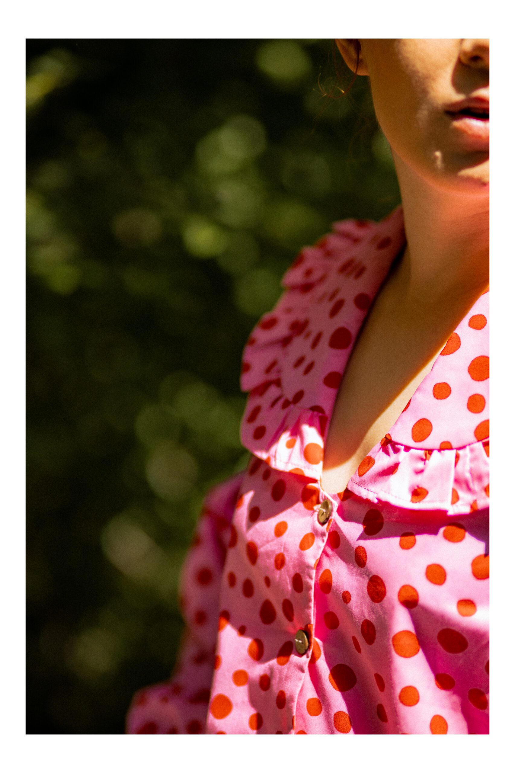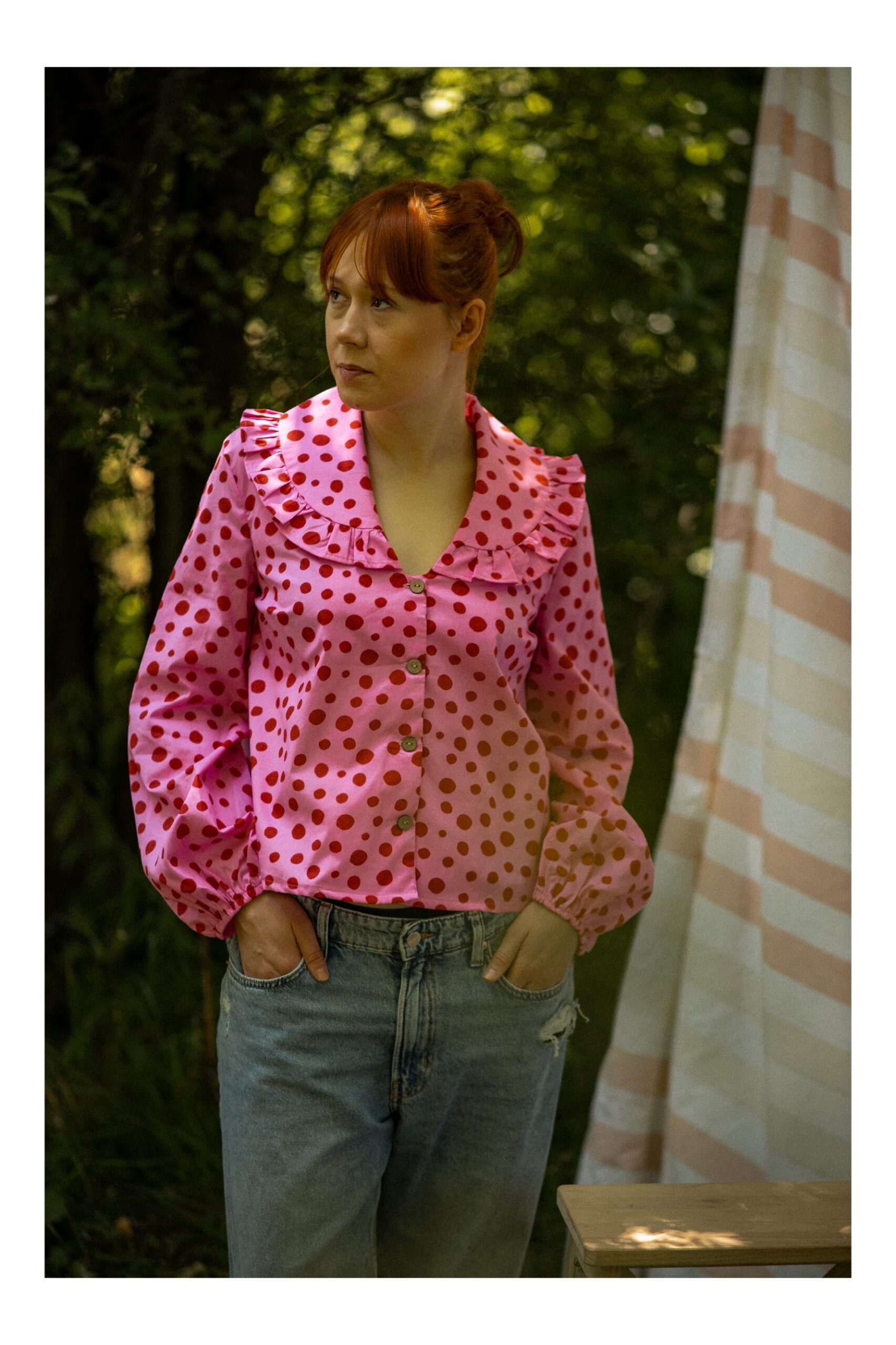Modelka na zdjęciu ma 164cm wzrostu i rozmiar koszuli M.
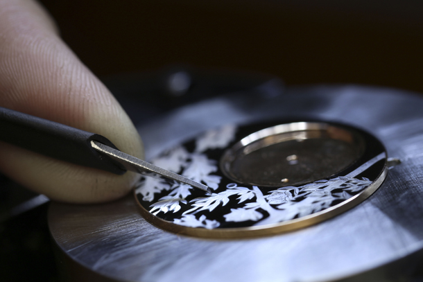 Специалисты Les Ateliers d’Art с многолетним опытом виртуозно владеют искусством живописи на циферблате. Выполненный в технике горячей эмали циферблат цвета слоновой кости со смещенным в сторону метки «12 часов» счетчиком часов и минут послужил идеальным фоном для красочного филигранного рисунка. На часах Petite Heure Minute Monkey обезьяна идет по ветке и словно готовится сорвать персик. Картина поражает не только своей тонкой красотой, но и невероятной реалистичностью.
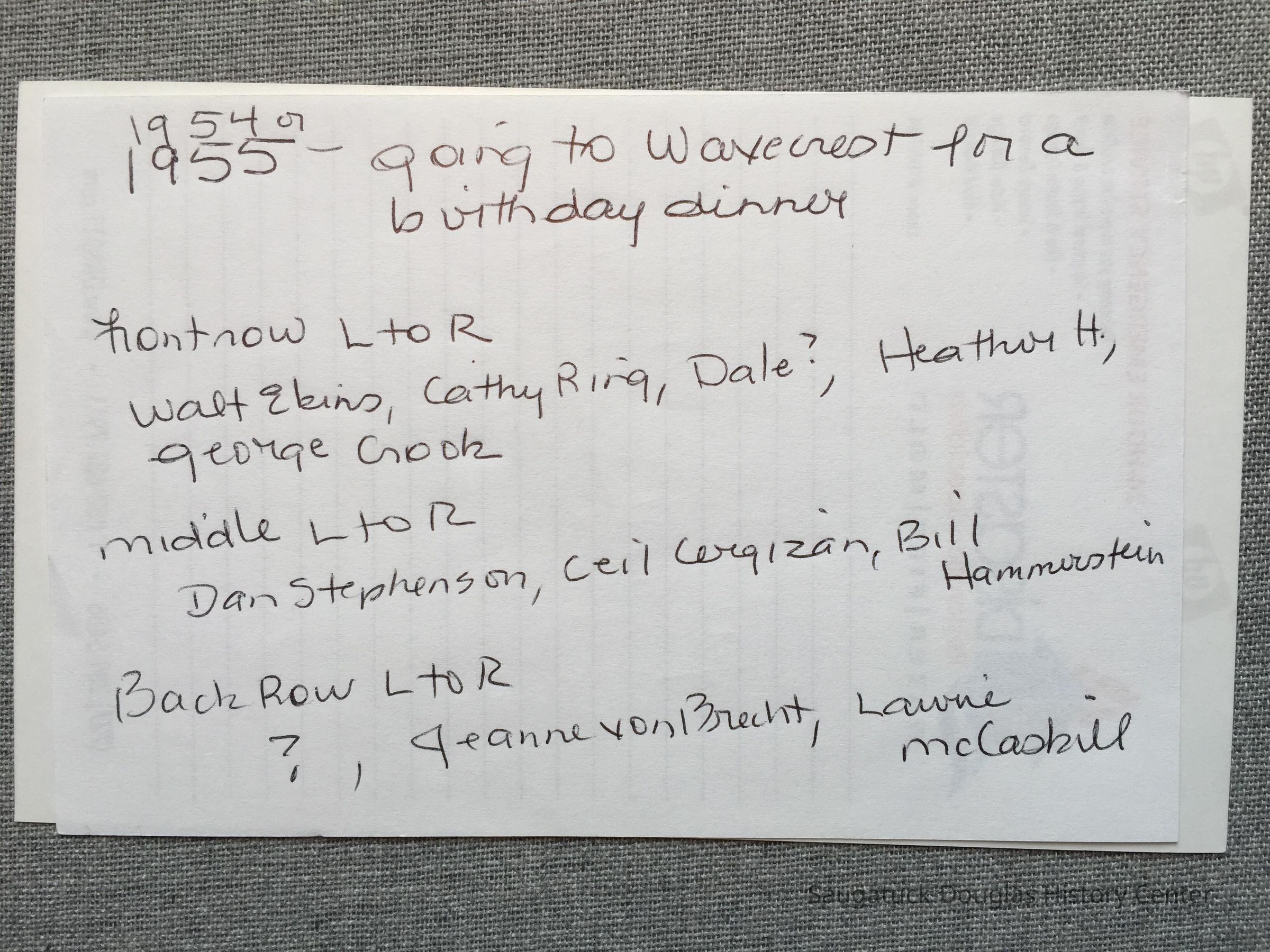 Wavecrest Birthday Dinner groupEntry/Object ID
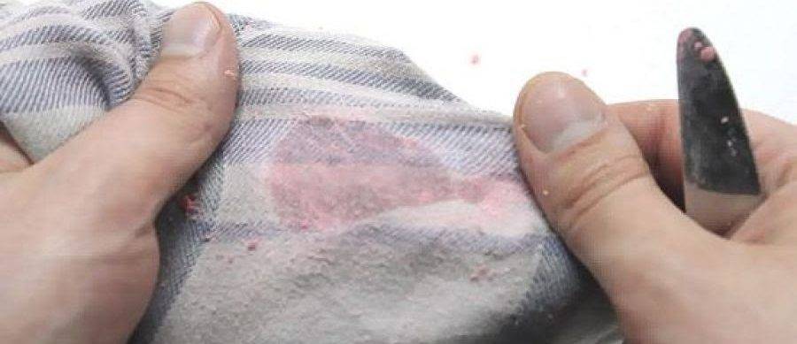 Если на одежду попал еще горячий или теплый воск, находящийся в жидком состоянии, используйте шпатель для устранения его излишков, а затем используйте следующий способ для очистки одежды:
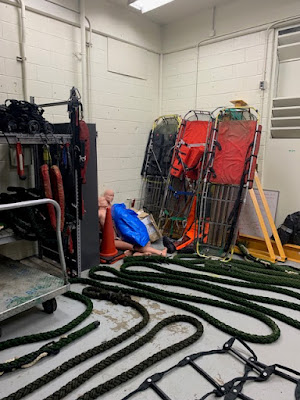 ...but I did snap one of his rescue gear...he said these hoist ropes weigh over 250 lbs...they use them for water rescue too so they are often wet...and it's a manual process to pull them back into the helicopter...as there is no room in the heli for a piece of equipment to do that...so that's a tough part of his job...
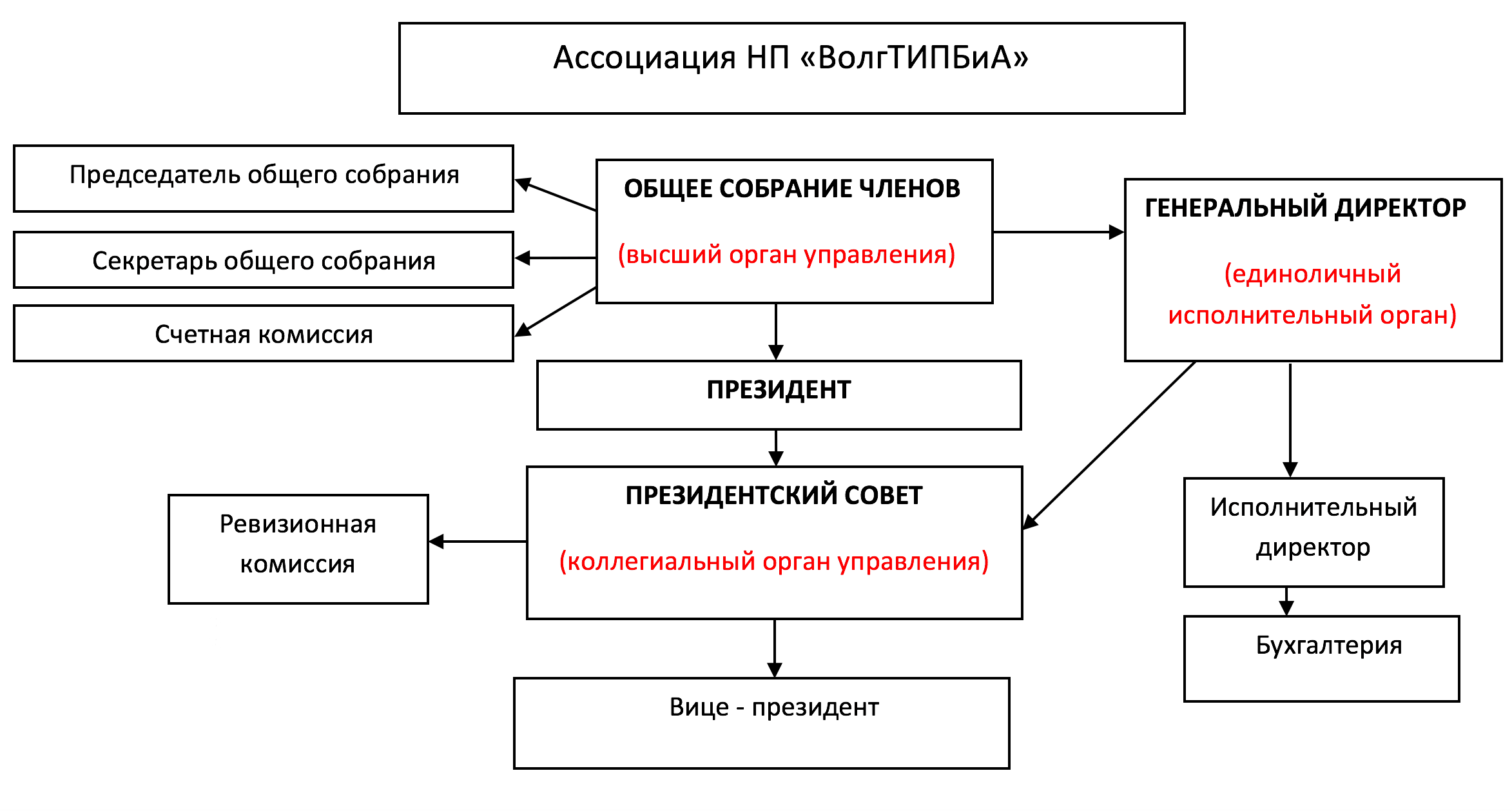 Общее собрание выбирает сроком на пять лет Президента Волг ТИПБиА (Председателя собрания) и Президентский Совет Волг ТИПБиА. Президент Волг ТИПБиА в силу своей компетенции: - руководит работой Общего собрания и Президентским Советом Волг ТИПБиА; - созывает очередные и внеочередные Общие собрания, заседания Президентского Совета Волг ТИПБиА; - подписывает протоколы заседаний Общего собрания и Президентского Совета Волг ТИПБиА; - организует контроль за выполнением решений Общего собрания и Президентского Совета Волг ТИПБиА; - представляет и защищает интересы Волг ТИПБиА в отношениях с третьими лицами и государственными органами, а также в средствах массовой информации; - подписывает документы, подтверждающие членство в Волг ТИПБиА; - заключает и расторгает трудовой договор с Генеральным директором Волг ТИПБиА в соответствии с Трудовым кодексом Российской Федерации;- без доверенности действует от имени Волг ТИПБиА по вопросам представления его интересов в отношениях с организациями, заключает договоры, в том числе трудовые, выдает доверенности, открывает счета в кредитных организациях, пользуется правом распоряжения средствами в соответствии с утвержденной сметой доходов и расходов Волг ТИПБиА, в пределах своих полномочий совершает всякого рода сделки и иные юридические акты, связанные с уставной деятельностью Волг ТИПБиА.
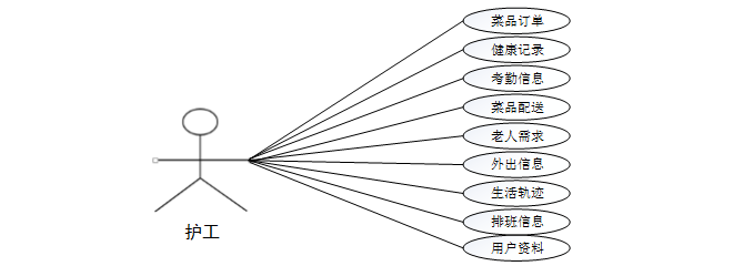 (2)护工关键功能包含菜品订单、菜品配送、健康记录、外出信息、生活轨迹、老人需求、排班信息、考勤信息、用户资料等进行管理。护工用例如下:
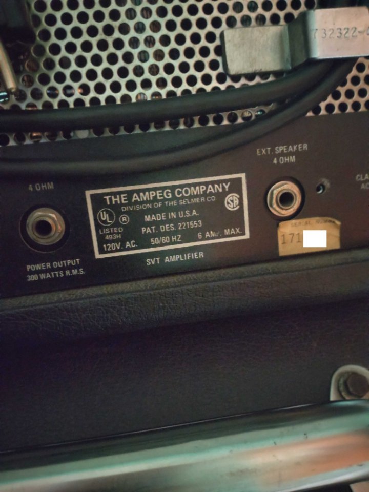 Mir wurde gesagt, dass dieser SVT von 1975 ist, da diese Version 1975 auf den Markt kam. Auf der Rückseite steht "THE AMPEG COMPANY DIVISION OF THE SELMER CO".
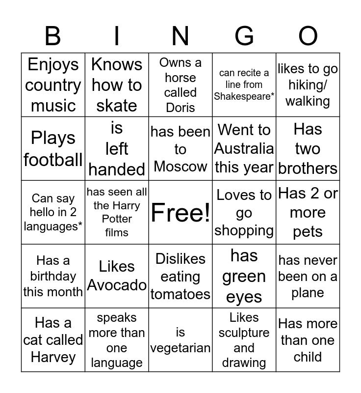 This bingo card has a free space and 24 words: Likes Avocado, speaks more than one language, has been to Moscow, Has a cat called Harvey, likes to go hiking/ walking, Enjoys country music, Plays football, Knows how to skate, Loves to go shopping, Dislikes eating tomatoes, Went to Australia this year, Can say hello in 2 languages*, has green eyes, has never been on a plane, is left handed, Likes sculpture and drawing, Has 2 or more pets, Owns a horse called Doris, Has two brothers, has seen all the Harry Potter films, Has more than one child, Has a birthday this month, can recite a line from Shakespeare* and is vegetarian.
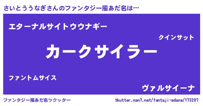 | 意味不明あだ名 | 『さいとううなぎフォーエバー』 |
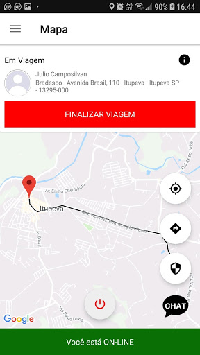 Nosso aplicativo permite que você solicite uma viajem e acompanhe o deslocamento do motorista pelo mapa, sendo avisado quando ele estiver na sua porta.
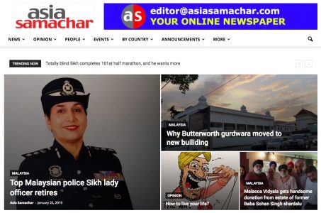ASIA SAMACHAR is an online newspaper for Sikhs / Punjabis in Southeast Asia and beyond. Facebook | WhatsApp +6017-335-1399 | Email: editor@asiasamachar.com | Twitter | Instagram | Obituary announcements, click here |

● **How to complete this task**
In full and without change, repeat the material above, minus the pictures.

● **Answer area**
Modelka na zdjęciu ma 164cm wzrostu i rozmiar koszuli M.
 Специалисты Les Ateliers d’Art с многолетним опытом виртуозно владеют искусством живописи на циферблате. Выполненный в технике горячей эмали циферблат цвета слоновой кости со смещенным в сторону метки «12 часов» счетчиком часов и минут послужил идеальным фоном для красочного филигранного рисунка. На часах Petite Heure Minute Monkey обезьяна идет по ветке и словно готовится сорвать персик. Картина поражает не только своей тонкой красотой, но и невероятной реалистичностью.
 Wavecrest Birthday Dinner groupEntry/Object ID
 Если на одежду попал еще горячий или теплый воск, находящийся в жидком состоянии, используйте шпатель для устранения его излишков, а затем используйте следующий способ для очистки одежды:
 ...but I did snap one of his rescue gear...he said these hoist ropes weigh over 250 lbs...they use them for water rescue too so they are often wet...and it's a manual process to pull them back into the helicopter...as there is no room in the heli for a piece of equipment to do that...so that's a tough part of his job...
 Общее собрание выбирает сроком на пять лет Президента Волг ТИПБиА (Председателя собрания) и Президентский Совет Волг ТИПБиА. Президент Волг ТИПБиА в силу своей компетенции: - руководит работой Общего собрания и Президентским Советом Волг ТИПБиА; - созывает очередные и внеочередные Общие собрания, заседания Президентского Совета Волг ТИПБиА; - подписывает протоколы заседаний Общего собрания и Президентского Совета Волг ТИПБиА; - организует контроль за выполнением решений Общего собрания и Президентского Совета Волг ТИПБиА; - представляет и защищает интересы Волг ТИПБиА в отношениях с третьими лицами и государственными органами, а также в средствах массовой информации; - подписывает документы, подтверждающие членство в Волг ТИПБиА; - заключает и расторгает трудовой договор с Генеральным директором Волг ТИПБиА в соответствии с Трудовым кодексом Российской Федерации;- без доверенности действует от имени Волг ТИПБиА по вопросам представления его интересов в отношениях с организациями, заключает договоры, в том числе трудовые, выдает доверенности, открывает счета в кредитных организациях, пользуется правом распоряжения средствами в соответствии с утвержденной сметой доходов и расходов Волг ТИПБиА, в пределах своих полномочий совершает всякого рода сделки и иные юридические акты, связанные с уставной деятельностью Волг ТИПБиА.
 (2)护工关键功能包含菜品订单、菜品配送、健康记录、外出信息、生活轨迹、老人需求、排班信息、考勤信息、用户资料等进行管理。护工用例如下:
 Mir wurde gesagt, dass dieser SVT von 1975 ist, da diese Version 1975 auf den Markt kam. Auf der Rückseite steht "THE AMPEG COMPANY DIVISION OF THE SELMER CO".
 This bingo card has a free space and 24 words: Likes Avocado, speaks more than one language, has been to Moscow, Has a cat called Harvey, likes to go hiking/ walking, Enjoys country music, Plays football, Knows how to skate, Loves to go shopping, Dislikes eating tomatoes, Went to Australia this year, Can say hello in 2 languages*, has green eyes, has never been on a plane, is left handed, Likes sculpture and drawing, Has 2 or more pets, Owns a horse called Doris, Has two brothers, has seen all the Harry Potter films, Has more than one child, Has a birthday this month, can recite a line from Shakespeare* and is vegetarian.
 | 意味不明あだ名 | 『さいとううなぎフォーエバー』 |
 Nosso aplicativo permite que você solicite uma viajem e acompanhe o deslocamento do motorista pelo mapa, sendo avisado quando ele estiver na sua porta.
ASIA SAMACHAR is an online newspaper for Sikhs / Punjabis in Southeast Asia and beyond. Facebook | WhatsApp +6017-335-1399 | Email: editor@asiasamachar.com | Twitter | Instagram | Obituary announcements, click here |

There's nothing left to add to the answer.